Action item => Return all of the entries exactly, but do not include the pictures.

Given records =>
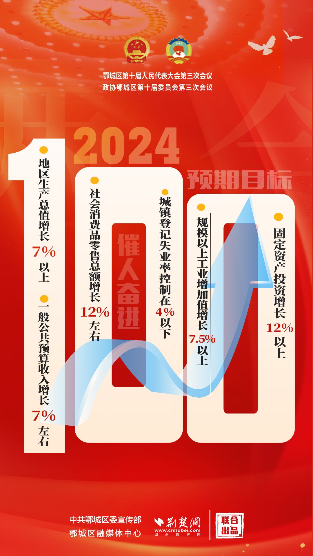 “100”解釋:2024年經(jīng)濟社會發(fā)展主要預(yù)期目標是,地區(qū)生產(chǎn)總值增長7%以上,一般公共預(yù)算收入增長7%左右,社會消費品零售總額增長12%左右,城鎮(zhèn)登記失業(yè)率控制在4%以下,規(guī)模以上工業(yè)增加值增長7.5%以上,固定資產(chǎn)投資增長12%以上,服務(wù)業(yè)增加值增長7.5%左右。
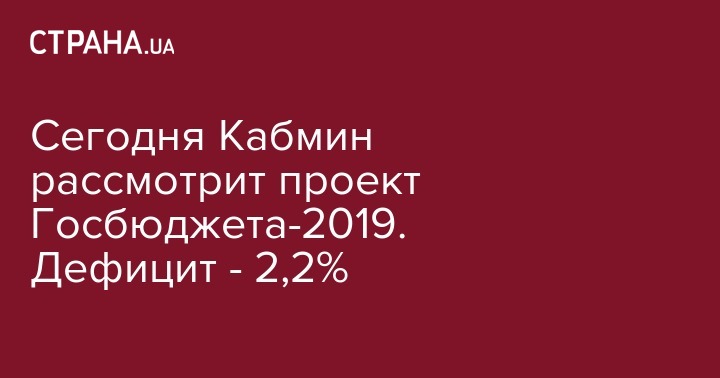 Кабинет министров Украины планирует заложить в проекте государственного бюджета на 2019 год дефицит на уровне 2,2%.
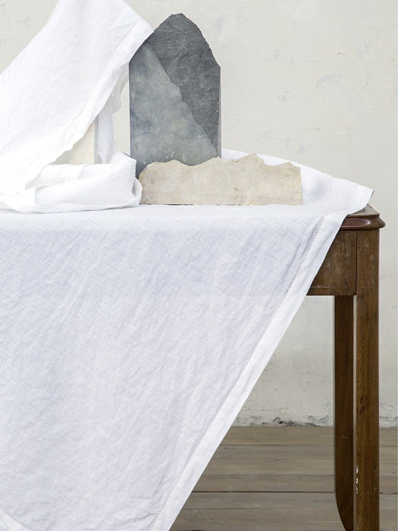 Τραπεζομάντηλο με σύνθεση από 90% λινό και 10% βαμβάκι 160gsm, δύο φυσικά υλικά με εξαιρετικά χαρακτηριστικά στα λευκά είδη. Συνδυάζει τη χαρακτηριστική πλούσια υφή και την ανθεκτικότητα του λινού με την απαλή, ελαφριά αίσθηση του βαμβακιού. Το ύφασμά του είναι προ-πλυμένο (prewashed) ώστε να διατηρεί το σχήμα του ακόμα και μετά από πολλές πλύσεις. Επιπλέον, ανήκει στην κατηγορία easy iron, που σημαίνει ότι σιδερώνεται εύκολα και γρήγορα. Απλώνεται ομοιόμορφα στο τραπέζι και δημιουργεί αέρινες πτυχώσεις με την υπέροχη υφή του λινού.
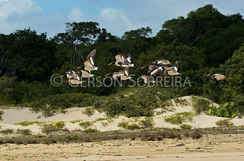 Keywords: Ilha Grande, 2012, Piaui, Delta do Rio Parnaiba, Horizontal, Praia, Fauna, Animal, Ave, Passaro, Nativo, Piru-piru, Haematopus palliatus, Bando |
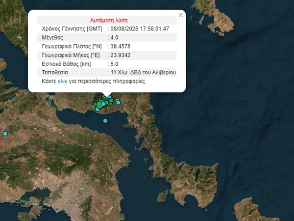 Παράλληλα το επίκεντρο του σεισμού ήταν τα 10 χιλιόμετρα Δυτικά - Βορειοδυτικά του Αλιβερίου.
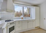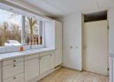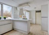De keuken bevindt zich aan de voorzijde en beschikt over grote raampartijen die zorgen voor veel daglicht en uitzicht op groen. De keuken is licht uitgevoerd met witte fronten en een wit aanrechtblad. Een grote schuifkast zorgt veel bergruimte. Verder treft u in de keuken;
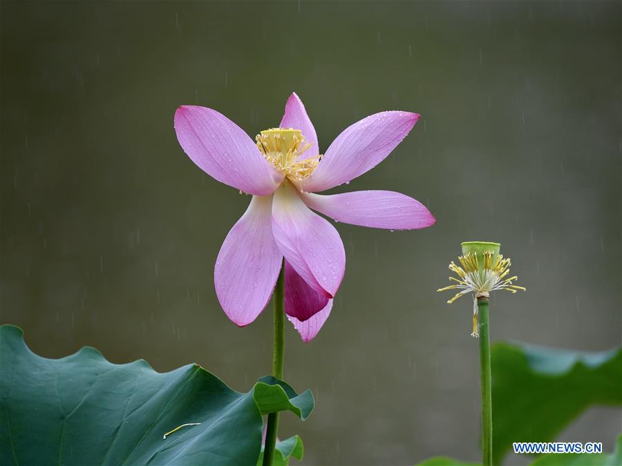 Photo taken on June 7, 2020 shows the lotus flowers at the Jinshan Park in Fuzhou, capital of southeast China's Fujian Province. (Xinhua/Jiang Kehong)
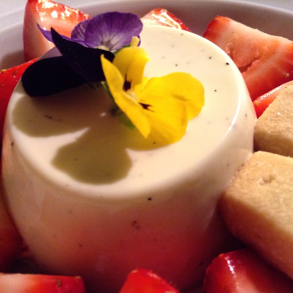 London Rosewood Hotel – dessert was divine! The panna cotta with fresh strawberries, shortbread biscuits (cookies) and fresh flowers.
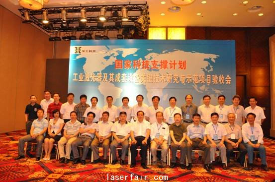 驗收專家組聽取了項目組工作報告、審閱了相關驗收資料、考察了項目技術研發及產業化生產現場。經質詢與討論,認為,所提供的驗收資料齊全、規范,符合項目驗收要求;完成了任務書要求的4種激光器、8種新型激光設備及4個應用示范基地的各項技術指標。獲得科技鑒定成果17項,申報國家專利68項(已獲授權34項),申報國際專利2項,發表論文59篇,研究成果具有創新性。攻克了氣體流動與交換、光腔結構、射頻激勵、光子暗化、側邊耦合、聲光調制等關鍵技術。開發了高功率軸快流CO2激光器、射頻板條CO2激光器及系列光纖激光器,填補了國內空白,部分指標達到國際一流水平,提升了我國激光產業的核心競爭力和國際地位。開發了大幅面數控激光切割機、激光拼焊設備和系列激光精密微細加工機等8種激光加工裝備,提升了我國高端激光加工裝備的制造能力。開發了17項新產品,建立了4個示范基地,實現了產業化,經濟效益和社會效益顯著。引進了國家千人計劃人才2名,培
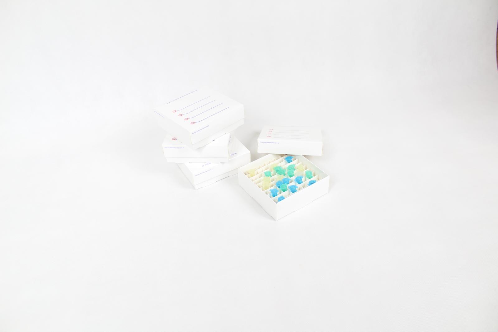 Kartonowe pudełko laboratoryjne o wymiarach 140x140x50 do przechowywania probówek w zamrażarkach niskotemperaturowych. Wewnątrz pudełka znajduje się estetyczna 100 miejscowa kratownica 10×10 na probówki typu Eppendorf o pojemności 1,5 / 2,2ml. Kriopudełko wykonane z wytrzymałego, atestowanego kartonu litego w kolorze białym. Zewnętrzna strona pudełka oraz pionowe ścianki wewnątrz są dodatkowo powlekane folią, co chroni przed wilgocią. Kriopudełka wykonane są w technologii bez klejenia. Wszystkie narożniki denka i wieczka posiadają dodatkowe wzmocnienie, co wydłuża trwałość pudełek, wszystkie pionowe ścianki są podwójnej grubości. Na pokrywce znajduje się grafika umożliwiająca naniesienie opisów zawartości, a w razie potrzeby można napisy zmyć alkoholem.

Answer for this exercise =>
 “100”解釋:2024年經(jīng)濟社會發(fā)展主要預(yù)期目標是,地區(qū)生產(chǎn)總值增長7%以上,一般公共預(yù)算收入增長7%左右,社會消費品零售總額增長12%左右,城鎮(zhèn)登記失業(yè)率控制在4%以下,規(guī)模以上工業(yè)增加值增長7.5%以上,固定資產(chǎn)投資增長12%以上,服務(wù)業(yè)增加值增長7.5%左右。
 Кабинет министров Украины планирует заложить в проекте государственного бюджета на 2019 год дефицит на уровне 2,2%.
 Τραπεζομάντηλο με σύνθεση από 90% λινό και 10% βαμβάκι 160gsm, δύο φυσικά υλικά με εξαιρετικά χαρακτηριστικά στα λευκά είδη. Συνδυάζει τη χαρακτηριστική πλούσια υφή και την ανθεκτικότητα του λινού με την απαλή, ελαφριά αίσθηση του βαμβακιού. Το ύφασμά του είναι προ-πλυμένο (prewashed) ώστε να διατηρεί το σχήμα του ακόμα και μετά από πολλές πλύσεις. Επιπλέον, ανήκει στην κατηγορία easy iron, που σημαίνει ότι σιδερώνεται εύκολα και γρήγορα. Απλώνεται ομοιόμορφα στο τραπέζι και δημιουργεί αέρινες πτυχώσεις με την υπέροχη υφή του λινού.
 Keywords: Ilha Grande, 2012, Piaui, Delta do Rio Parnaiba, Horizontal, Praia, Fauna, Animal, Ave, Passaro, Nativo, Piru-piru, Haematopus palliatus, Bando |
 Παράλληλα το επίκεντρο του σεισμού ήταν τα 10 χιλιόμετρα Δυτικά - Βορειοδυτικά του Αλιβερίου.
De keuken bevindt zich aan de voorzijde en beschikt over grote raampartijen die zorgen voor veel daglicht en uitzicht op groen. De keuken is licht uitgevoerd met witte fronten en een wit aanrechtblad. Een grote schuifkast zorgt veel bergruimte. Verder treft u in de keuken;
 Photo taken on June 7, 2020 shows the lotus flowers at the Jinshan Park in Fuzhou, capital of southeast China's Fujian Province. (Xinhua/Jiang Kehong)
 London Rosewood Hotel – dessert was divine! The panna cotta with fresh strawberries, shortbread biscuits (cookies) and fresh flowers.
 驗收專家組聽取了項目組工作報告、審閱了相關驗收資料、考察了項目技術研發及產業化生產現場。經質詢與討論,認為,所提供的驗收資料齊全、規范,符合項目驗收要求;完成了任務書要求的4種激光器、8種新型激光設備及4個應用示范基地的各項技術指標。獲得科技鑒定成果17項,申報國家專利68項(已獲授權34項),申報國際專利2項,發表論文59篇,研究成果具有創新性。攻克了氣體流動與交換、光腔結構、射頻激勵、光子暗化、側邊耦合、聲光調制等關鍵技術。開發了高功率軸快流CO2激光器、射頻板條CO2激光器及系列光纖激光器,填補了國內空白,部分指標達到國際一流水平,提升了我國激光產業的核心競爭力和國際地位。開發了大幅面數控激光切割機、激光拼焊設備和系列激光精密微細加工機等8種激光加工裝備,提升了我國高端激光加工裝備的制造能力。開發了17項新產品,建立了4個示范基地,實現了產業化,經濟效益和社會效益顯著。引進了國家千人計劃人才2名,培
 Kartonowe pudełko laboratoryjne o wymiarach 140x140x50 do przechowywania probówek w zamrażarkach niskotemperaturowych. Wewnątrz pudełka znajduje się estetyczna 100 miejscowa kratownica 10×10 na probówki typu Eppendorf o pojemności 1,5 / 2,2ml. Kriopudełko wykonane z wytrzymałego, atestowanego kartonu litego w kolorze białym. Zewnętrzna strona pudełka oraz pionowe ścianki wewnątrz są dodatkowo powlekane folią, co chroni przed wilgocią. Kriopudełka wykonane są w technologii bez klejenia. Wszystkie narożniki denka i wieczka posiadają dodatkowe wzmocnienie, co wydłuża trwałość pudełek, wszystkie pionowe ścianki są podwójnej grubości. Na pokrywce znajduje się grafika umożliwiająca naniesienie opisów zawartości, a w razie potrzeby można napisy zmyć alkoholem.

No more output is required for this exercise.